Some of you may know that I will be on a sabbatical till February, simply because I desperately need time to recover from my post-italy syndrome and to reconsider my next career move. Honestly, I have absolutely no idea as to what I should do next. My ex-company is hunting me down and I am still giving them the blank look.
This has to be my most listless start to a New Year.
Apart from the usual soul-searching and wallowing.... I've also been stalking 4 grown men who are currently residing at the Shangri-La. As they say, the groupie blood will always dwell in me.
I clubbed with the supposed MAN OF MY DREAMS at Velvet Underground. The man I've been lusting over the past 2 years. The man who reigned my bedroom walls. The man who surpassed the great Iker Casillas in my romantic fantasies.
Thing is... I didn't collapse in ecstasy as I initially I thought I would have if I met Sebastien Izambard in flesh and blood.
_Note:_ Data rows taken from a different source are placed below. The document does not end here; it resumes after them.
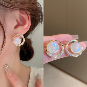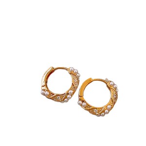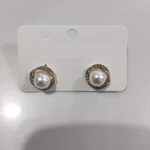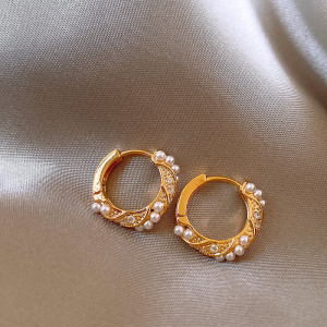 120 银针-金色环绕双圈珍珠闪钻耳环
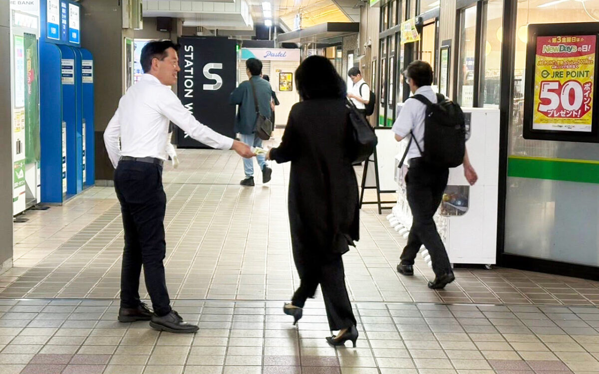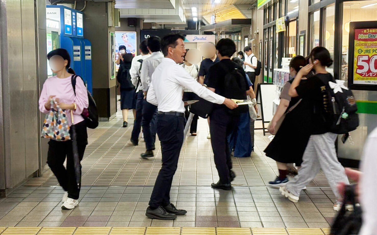 8/1の朝は新浦安駅北口で川野辺のりあき浦安市議と駅頭活動を行いました。
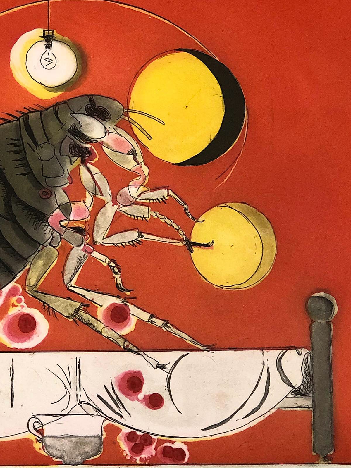 Questa intensa acquaforte e acquatinta di Graham Vivian Sutherland offre una visione surreale, quasi perturbante, resa attraverso il suo tipico equilibrio tra precisione formale e tensione poetica. Su uno sfondo rosso acceso, la figura ingigantita dell’insetto—simbolica e metamorfica—richiama l’interesse di Sutherland per le energie nascoste e spesso inquietanti della natura. La composizione unisce delicatezza e tensione, invitando lo spettatore in un mondo in cui l’organico diventa metafora.
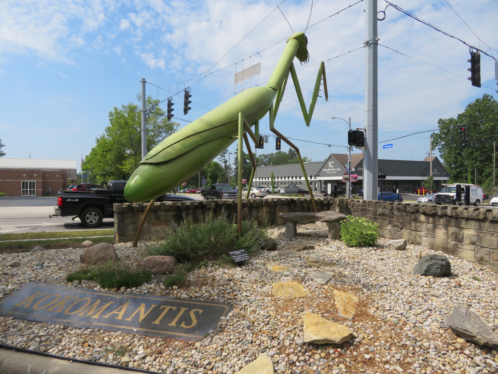 Deep in the heart of Kokomo stands our lead subject: the amazing colossal KokoMantis! 17 feet up and 22 feet long, the brainchild of Scott Pilcher and Scott Little was erected in 2012 using a combination of parts taken from stoplight poles and a WWII bomber. He spends his days guarding a Subway parking lot and generally threatening anyone who approaches with any attitude less than puzzled respect.
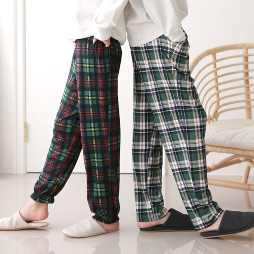 남자 여성 체크 심플 피치 기모 팬츠 커플 파자마 이지웨어 홈웨어 잠옷바지
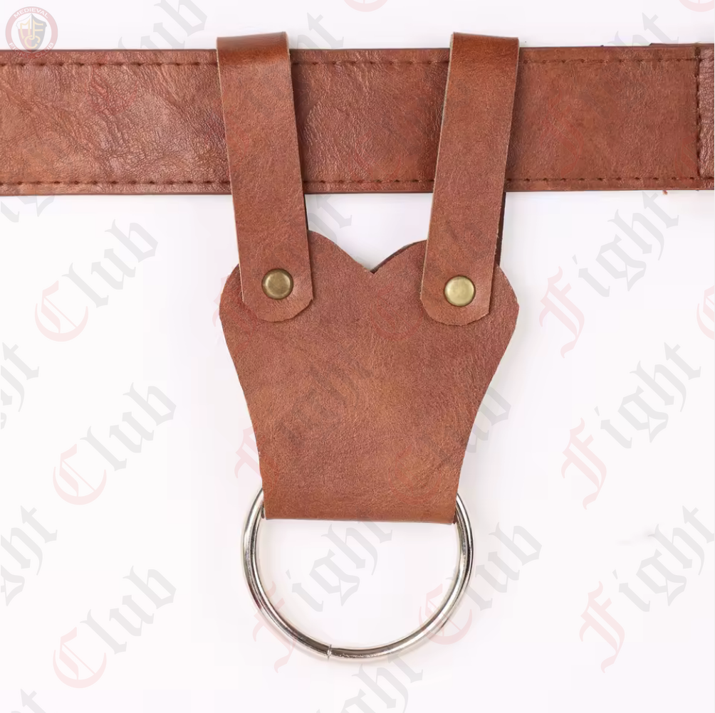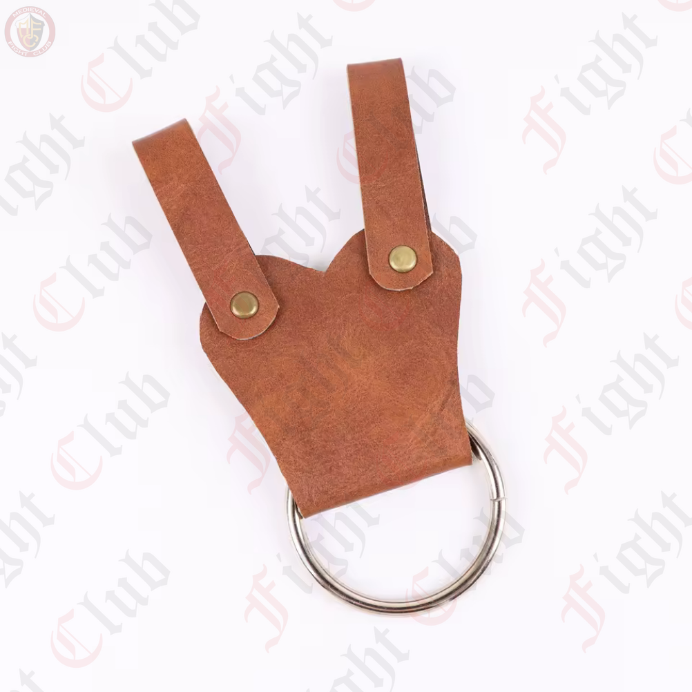 A weapon is only worth anything if you can hang it from your hip, and that's exactly what this leather ring frog lets you do! Simply thread it through your belt, slide it next to your hip, and slip your weapon down the ring. The ring will catch the crossguard of a sword or the beard of an axe, letting you holster most weapons with ease.

In fact, I was actually quite appalled at how red his face was. I think it is all that hardcore frying under the equator. And his girlfriend was throwing herself all over him.
SUCH A TURN OFF.
But I realised something pretty important. Despite all that glam and good looks, I will be a thousand times happier if I could meet a certain man who is currently a few thousand miles away from me.
Yes. You'd guess it right. I am stalking Il Divo because I thought it would replace someone whom I've just lost. Boy, I was so wrong. No one can ever replace the man who saw through my imperfections and gave me a chance to love and be happy.
Truth is, I am still grieving. From the moment I left Perugia I knew that life will never be the same.
I miss the simple life. By returning to KL, I am faced with social obligations. I've been thrown back into the world of materialistic socialites who are as fake as plastics can be. People who will judge you by the way you look. People who will only talk to you if they thought that you are related to an influential figure. People who will abandon you when you are of no use to them.
Let's just treasure the best memories from 2006 and face 2007 with a courageous smile.